Working with monorepos
Large monorepos are a reality for many organizations. Since monorepos can have anywhere from tens to even hundreds of packages scanning all packages in a monorepo can take significant periods of time. While the time requirements may vary based on your development team and pipeline times, in general, development teams need quick testing times to improve their productivity while security teams need full visibility across a monorepo. These two needs can conflict without performance engineering or an asynchronous scanning strategy. This documentation outlines some performance engineering and scanning strategies for large monorepos.
TipIf you use a monorepo with Bazel as your primary build system see Bazel documentation
Asynchronous scanning strategies
When scanning a large monorepo, a common approach taken by security teams is to run an asynchronous cron job outside of a CI/CD-based environment. This is often the point of least friction but is prohibitive. With this approach, inline blocking of critical issues is not generally possible.
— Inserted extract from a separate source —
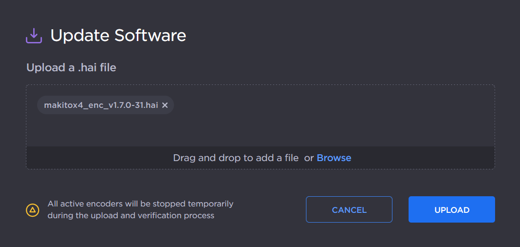 The firmware upgrade comes in the form of a file with the extension .hai, which when loaded will replace the application on your Makito X Series appliance. The firmware upgrade components are digitally signed, and these signatures are all verified before performing the installation.

We would be remiss not to mention this as a scanning strategy for monorepos but this approach is NOT recommended beyond a step to get initial visibility into a large monorepo.
Performance Enhancements for inline scanning strategies
The following performance enhancements may be used with Endor Labs to enable the scanning of large monorepos:
Scoping scans based on changed files
For many CI/CD systems path filters are readily available. For example, with GitHub actions, dorny path filters is a readily accessible way to establish a set of filters by a path. This is generally the most effective path to handle monorepo deployments but does require the highest level of investment in terms of human time. The human time investment is made up for by the time saved by reducing the need to scan everything on each change.
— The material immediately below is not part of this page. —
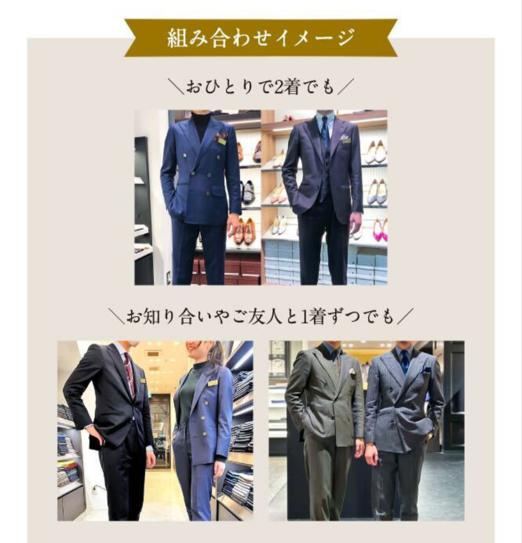 初めてオーダースーツを体験する方はご友人やご家族とコンビ価格をシェアすることも◎

Based on the paths that change you can scope scans based on the files that have actually changed. For example, you can scan only the packages in a monorepo that are housed under the
ui/ directory when this path has changed by running a scan such as
endorctl scan --include=ui/ when this path has been modified.
Using a path filtering approach each team working in a monorepo would need to be responsible for the packages that they maintain, but generally, each team may be associated with one to several pre-defined directory paths.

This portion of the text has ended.